EXERCISE DETAILS: Reproduce, without alteration, every line of the data; exclude the images.
------ MATERIAL FOR THIS EXERCISE
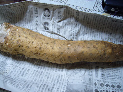みてみて☆ りっぱな山芋ちゃんです。 実家から送られて来ました。 明日の朝はこれをすりすりして 炊きたてのほかほかご飯に乗せるです。 うひゃ〜、想像するだけでも美味しそう。 今から朝ご飯が楽しみだー♪
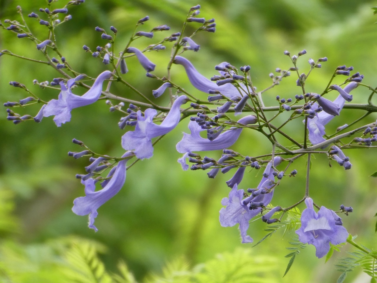 ジャカランダ、きれいです。世界三大花木の一種。5月下旬からのジャカランダ祭りではきれいな花の森が見られます。ただ、冬が暖かいことが前提で、寒かった年は花つきが悪いです。
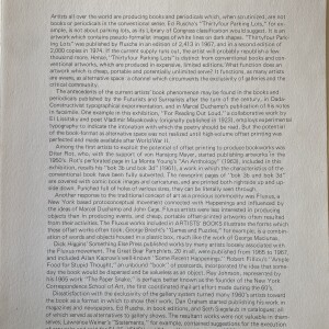 Artists’ books: a survey 1960-1981. Wayne, New Jersey: William Paterson College, Department of Art, Ben Shahn Center for the Visual Arts, no date [1982]
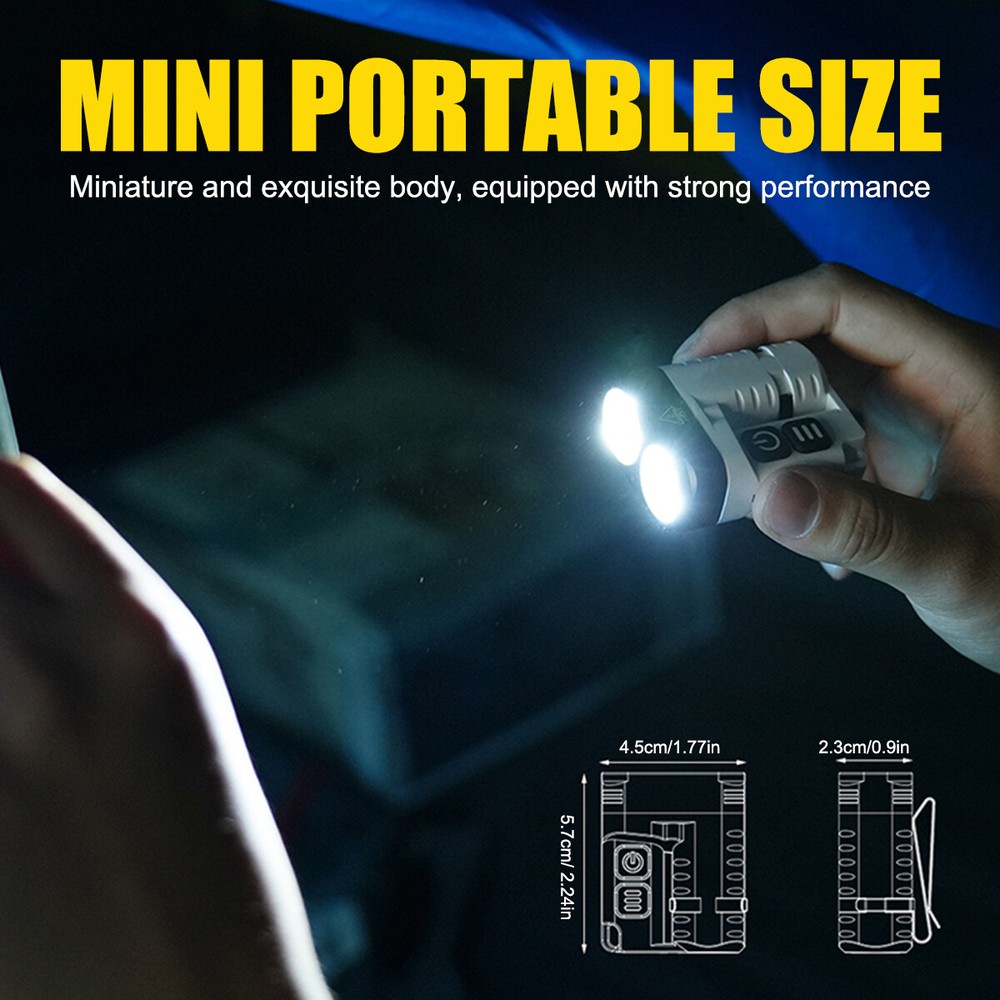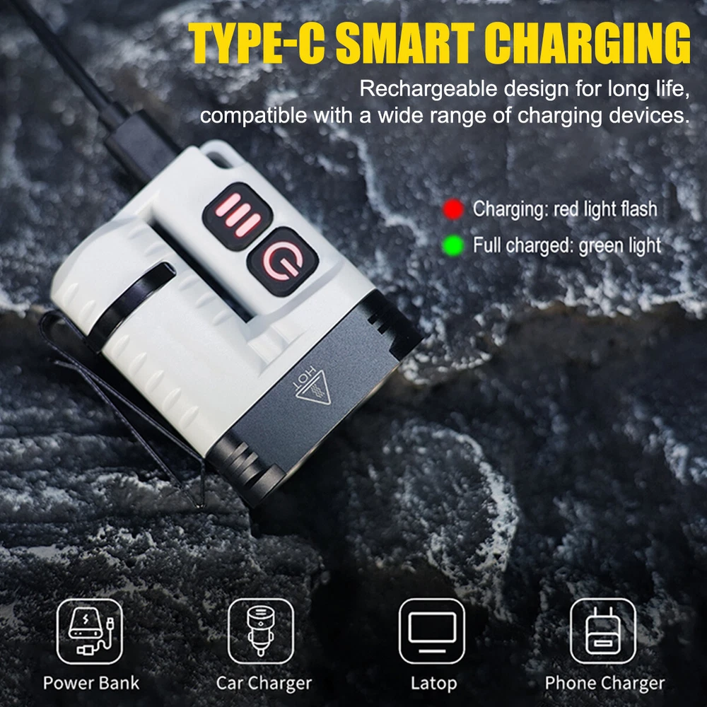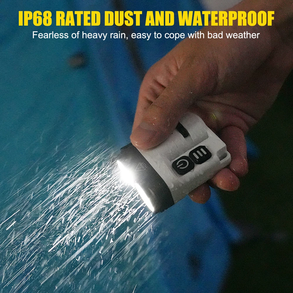 Charging Port Type: Type-C Power Source: USB Number of LEDs: 2 Charging Voltage: 5V1A Item Height: 2.24in Color: White Voltage: 4.2V gtin13: Does not apply Features: Batteries Included, Clip On, Handheld, Magnetic, Multiple lighting modes, quick switch functions, Rechargeable, Waterproof, With Wrist Strap Item Length: 1.77 in Type: Flashlight Color Temperature: 6500-7000K Lighting Technology: LED CRI: 75 Charging Time: 2.5 hours Number of Batteries: 1 Power: 20W Material: Aluminum Item Weight: 4.55 oz Brand: Unbranded Item Width: 1.20 in UPC: Does not apply Operating Range: 260m
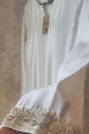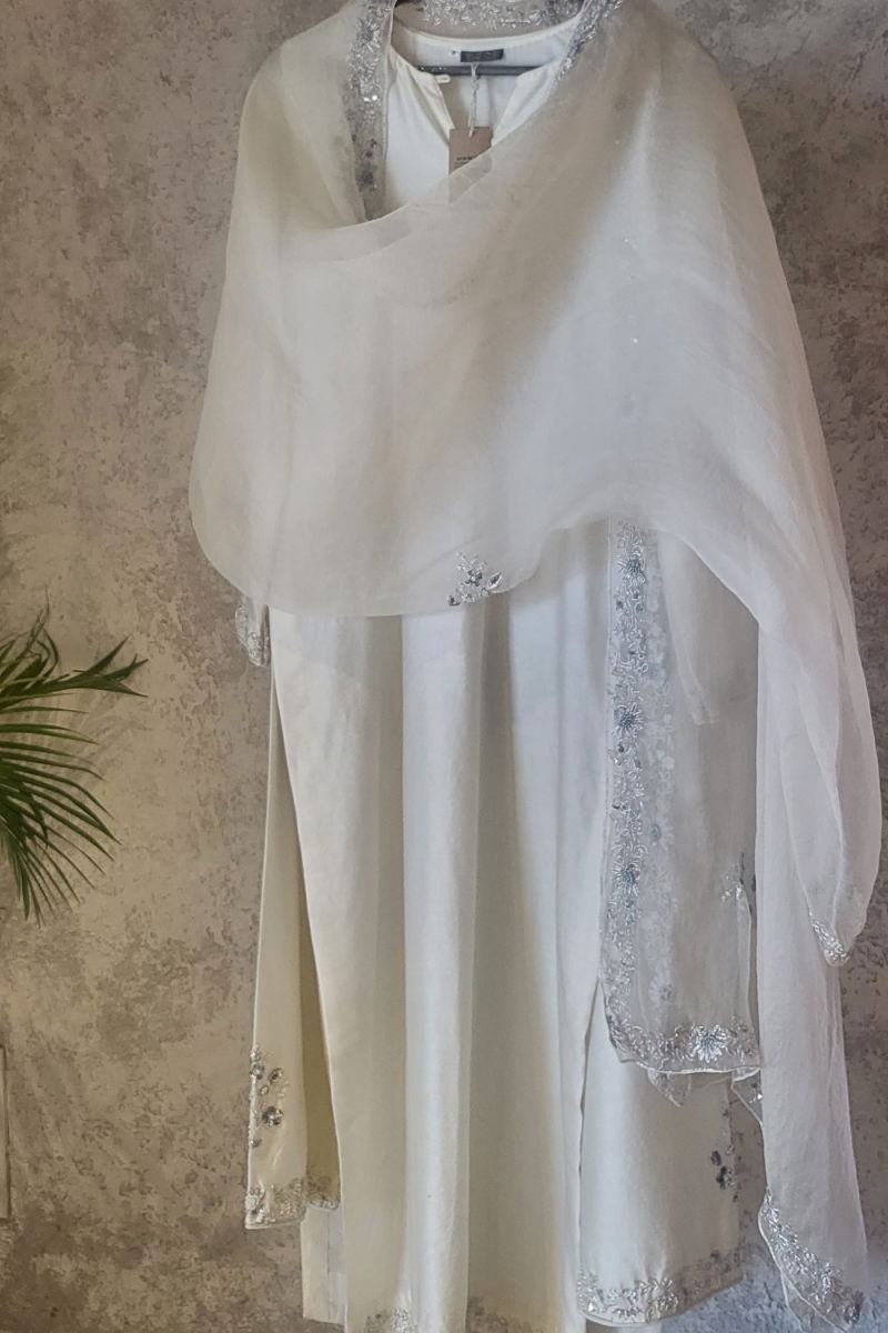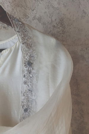 The IVORY CELINE CHANDERI SILK KURTA SET from the Lotus collection embodies timeless elegance, crafted for the modern woman who values sophistication and comfort. Made from premium Silk Chanderi, the kurta offers a breathable fit, ensuring ease of movement while maintaining a graceful silhouette. The intricate Zardosi hand embroidery adds a touch of opulence, meticulously applied to enhance the fabric's natural sheen. Complementing the kurta is a matching Silk Organza dupatta, delicately embellished with the same artisanal craftsmanship, creating a harmonious ensemble. Dyed using organic methods, the ivory hue radiates purity and subtle luminosity, making it ideal for a wide range of occasions including weddings, mehandi ceremonies, sangeet events, receptions, cocktail gatherings, and festive celebrations. Designed for versatility, this kurta set blends traditional artistry with contemporary wearability, making it a cherished addition to any wardrobe. Perfect for both special events and everyday elegance, it reflects the brand’s commitment to quality, sustainability, and refined design.
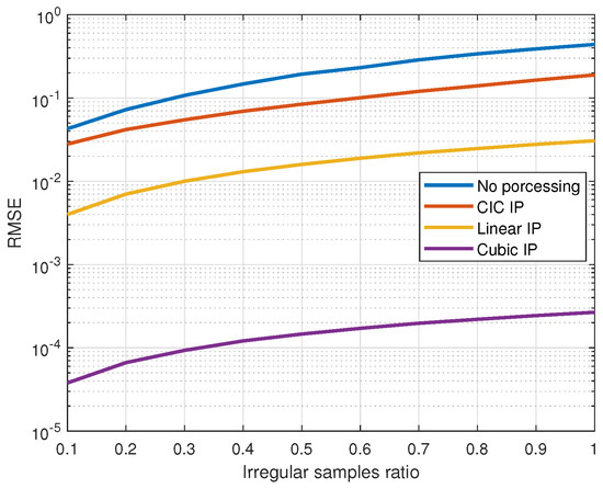 Root mean squared error (RMSE) versus the irregular sample ratio, comparing signal reconstruction accuracy with no processing and different interpolation methods. Each simulation was conducted for a specific irregular sample ratio, comparing signals sampled under normal conditions with unprocessed signals and those reconstructed using interpolation methods.
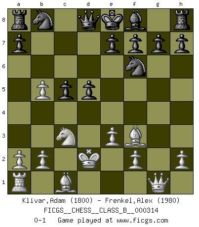 Last move : 0-1 2020 February 14 6:26:59 [Event "FICGS__CHESS__CLASS_B__000314"] [Site "FICGS"] [Date "2019.11.25"] [Round "1"] [White "Klivar,Adam"] [Black "Frenkel,Alex"] [Result "0-1"] [WhiteElo "1800"] [BlackElo "1980"] 1.d4 Nf6 2.c4 c5 3.d5 b5 4.e3 Bb7 5.cxb5 Bxd5 6.Nc3 Bb7 7.Be2 Bxg2 8.Nf3 Bxh1 9.Kd2 Bg2 10.Qg1 Bxf3 11.Bxf3 d5 0-1 This chess game has been lost on time (started : 2019.11.25 2:36:48) Comment by player 1 : Adam Klivar : I personally think it's a draw. I gave up the exchange pretty early in the game. He has a bad bishop, a bad knight and a rook that's currently attacked. I think we should just agree to a draw. Benko gambit Player Black won this chess game. Follow this game move after move (download)Blessed be the memory of him who gave the world this immortal game. (A. G. Gardiner) Die FIDE ist dabei in die Hände der russischen Mafia zu fallen. (Larry Evans) No es tiempo de jugar al Ajedrez cuando la casa esta en llamas. (Proverbio Italiano) Nous vivons dans un monde échiquéen : chaque jour qui passe est un défi à relever. (Philosophe Sasha) Wisdom begins at the end. (Daniel Webster)
------------
SOLUTION TO THIS EXERCISE:
みてみて☆ りっぱな山芋ちゃんです。 実家から送られて来ました。 明日の朝はこれをすりすりして 炊きたてのほかほかご飯に乗せるです。 うひゃ〜、想像するだけでも美味しそう。 今から朝ご飯が楽しみだー♪
 ジャカランダ、きれいです。世界三大花木の一種。5月下旬からのジャカランダ祭りではきれいな花の森が見られます。ただ、冬が暖かいことが前提で、寒かった年は花つきが悪いです。
 Artists’ books: a survey 1960-1981. Wayne, New Jersey: William Paterson College, Department of Art, Ben Shahn Center for the Visual Arts, no date [1982]
 Charging Port Type: Type-C Power Source: USB Number of LEDs: 2 Charging Voltage: 5V1A Item Height: 2.24in Color: White Voltage: 4.2V gtin13: Does not apply Features: Batteries Included, Clip On, Handheld, Magnetic, Multiple lighting modes, quick switch functions, Rechargeable, Waterproof, With Wrist Strap Item Length: 1.77 in Type: Flashlight Color Temperature: 6500-7000K Lighting Technology: LED CRI: 75 Charging Time: 2.5 hours Number of Batteries: 1 Power: 20W Material: Aluminum Item Weight: 4.55 oz Brand: Unbranded Item Width: 1.20 in UPC: Does not apply Operating Range: 260m
 The IVORY CELINE CHANDERI SILK KURTA SET from the Lotus collection embodies timeless elegance, crafted for the modern woman who values sophistication and comfort. Made from premium Silk Chanderi, the kurta offers a breathable fit, ensuring ease of movement while maintaining a graceful silhouette. The intricate Zardosi hand embroidery adds a touch of opulence, meticulously applied to enhance the fabric's natural sheen. Complementing the kurta is a matching Silk Organza dupatta, delicately embellished with the same artisanal craftsmanship, creating a harmonious ensemble. Dyed using organic methods, the ivory hue radiates purity and subtle luminosity, making it ideal for a wide range of occasions including weddings, mehandi ceremonies, sangeet events, receptions, cocktail gatherings, and festive celebrations. Designed for versatility, this kurta set blends traditional artistry with contemporary wearability, making it a cherished addition to any wardrobe. Perfect for both special events and everyday elegance, it reflects the brand’s commitment to quality, sustainability, and refined design.
 Root mean squared error (RMSE) versus the irregular sample ratio, comparing signal reconstruction accuracy with no processing and different interpolation methods. Each simulation was conducted for a specific irregular sample ratio, comparing signals sampled under normal conditions with unprocessed signals and those reconstructed using interpolation methods.
 Last move : 0-1 2020 February 14 6:26:59 [Event "FICGS__CHESS__CLASS_B__000314"] [Site "FICGS"] [Date "2019.11.25"] [Round "1"] [White "Klivar,Adam"] [Black "Frenkel,Alex"] [Result "0-1"] [WhiteElo "1800"] [BlackElo "1980"] 1.d4 Nf6 2.c4 c5 3.d5 b5 4.e3 Bb7 5.cxb5 Bxd5 6.Nc3 Bb7 7.Be2 Bxg2 8.Nf3 Bxh1 9.Kd2 Bg2 10.Qg1 Bxf3 11.Bxf3 d5 0-1 This chess game has been lost on time (started : 2019.11.25 2:36:48) Comment by player 1 : Adam Klivar : I personally think it's a draw. I gave up the exchange pretty early in the game. He has a bad bishop, a bad knight and a rook that's currently attacked. I think we should just agree to a draw. Benko gambit Player Black won this chess game. Follow this game move after move (download)Blessed be the memory of him who gave the world this immortal game. (A. G. Gardiner) Die FIDE ist dabei in die Hände der russischen Mafia zu fallen. (Larry Evans) No es tiempo de jugar al Ajedrez cuando la casa esta en llamas. (Proverbio Italiano) Nous vivons dans un monde échiquéen : chaque jour qui passe est un défi à relever. (Philosophe Sasha) Wisdom begins at the end. (Daniel Webster)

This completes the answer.